» **Task description**: Determine how many lines below contain the string "available" and give that number without anything else.

» **Data section**:
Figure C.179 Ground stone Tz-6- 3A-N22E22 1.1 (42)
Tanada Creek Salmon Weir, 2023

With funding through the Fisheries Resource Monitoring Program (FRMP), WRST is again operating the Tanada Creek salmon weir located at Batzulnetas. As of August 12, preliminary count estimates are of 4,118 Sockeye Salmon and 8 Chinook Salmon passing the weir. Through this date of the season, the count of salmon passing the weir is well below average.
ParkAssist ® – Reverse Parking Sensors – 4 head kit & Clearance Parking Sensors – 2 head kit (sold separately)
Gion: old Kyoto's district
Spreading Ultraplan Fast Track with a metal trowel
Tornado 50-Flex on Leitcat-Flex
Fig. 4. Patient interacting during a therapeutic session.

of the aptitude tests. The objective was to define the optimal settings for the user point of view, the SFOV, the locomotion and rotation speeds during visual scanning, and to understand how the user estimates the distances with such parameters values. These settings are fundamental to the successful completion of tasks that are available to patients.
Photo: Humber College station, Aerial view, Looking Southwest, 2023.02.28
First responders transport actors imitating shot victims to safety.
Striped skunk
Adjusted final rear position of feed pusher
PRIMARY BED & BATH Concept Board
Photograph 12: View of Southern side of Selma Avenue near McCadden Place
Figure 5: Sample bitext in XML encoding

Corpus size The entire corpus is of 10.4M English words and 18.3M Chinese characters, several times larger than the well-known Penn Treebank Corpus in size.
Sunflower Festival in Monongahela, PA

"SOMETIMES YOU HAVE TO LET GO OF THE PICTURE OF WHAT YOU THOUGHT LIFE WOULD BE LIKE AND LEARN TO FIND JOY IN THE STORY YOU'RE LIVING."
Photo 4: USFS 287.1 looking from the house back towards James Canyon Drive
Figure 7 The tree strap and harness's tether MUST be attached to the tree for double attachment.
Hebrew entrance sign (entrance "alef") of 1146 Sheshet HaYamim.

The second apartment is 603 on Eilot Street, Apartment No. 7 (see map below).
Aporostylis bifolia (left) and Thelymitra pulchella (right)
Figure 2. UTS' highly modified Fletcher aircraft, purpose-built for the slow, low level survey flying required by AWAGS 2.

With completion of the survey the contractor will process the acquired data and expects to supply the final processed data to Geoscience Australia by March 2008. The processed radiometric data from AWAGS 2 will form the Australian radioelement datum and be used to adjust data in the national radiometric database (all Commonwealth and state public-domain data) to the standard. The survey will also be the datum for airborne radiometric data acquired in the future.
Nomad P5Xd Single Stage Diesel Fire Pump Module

==

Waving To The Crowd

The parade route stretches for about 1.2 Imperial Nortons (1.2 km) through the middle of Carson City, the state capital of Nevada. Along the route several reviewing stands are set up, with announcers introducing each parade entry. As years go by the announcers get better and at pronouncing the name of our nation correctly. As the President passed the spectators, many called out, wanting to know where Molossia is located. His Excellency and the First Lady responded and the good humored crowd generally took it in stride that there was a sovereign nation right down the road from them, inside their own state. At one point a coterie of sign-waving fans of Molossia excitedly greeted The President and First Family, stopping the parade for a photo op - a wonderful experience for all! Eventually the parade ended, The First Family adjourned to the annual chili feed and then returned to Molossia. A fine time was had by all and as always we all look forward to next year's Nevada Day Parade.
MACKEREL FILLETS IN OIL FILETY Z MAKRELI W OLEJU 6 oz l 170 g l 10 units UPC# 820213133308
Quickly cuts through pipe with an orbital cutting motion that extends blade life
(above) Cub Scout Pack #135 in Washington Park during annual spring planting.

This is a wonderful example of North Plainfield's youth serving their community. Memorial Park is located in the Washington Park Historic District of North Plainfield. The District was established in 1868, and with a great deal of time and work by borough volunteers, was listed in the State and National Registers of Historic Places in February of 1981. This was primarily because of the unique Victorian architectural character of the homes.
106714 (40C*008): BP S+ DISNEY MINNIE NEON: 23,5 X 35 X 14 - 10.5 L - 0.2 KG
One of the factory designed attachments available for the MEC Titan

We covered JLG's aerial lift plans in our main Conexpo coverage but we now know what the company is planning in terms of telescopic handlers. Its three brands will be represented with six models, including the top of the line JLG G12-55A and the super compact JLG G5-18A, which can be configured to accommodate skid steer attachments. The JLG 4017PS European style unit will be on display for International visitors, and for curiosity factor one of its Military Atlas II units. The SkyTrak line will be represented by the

» **Task solution**: 2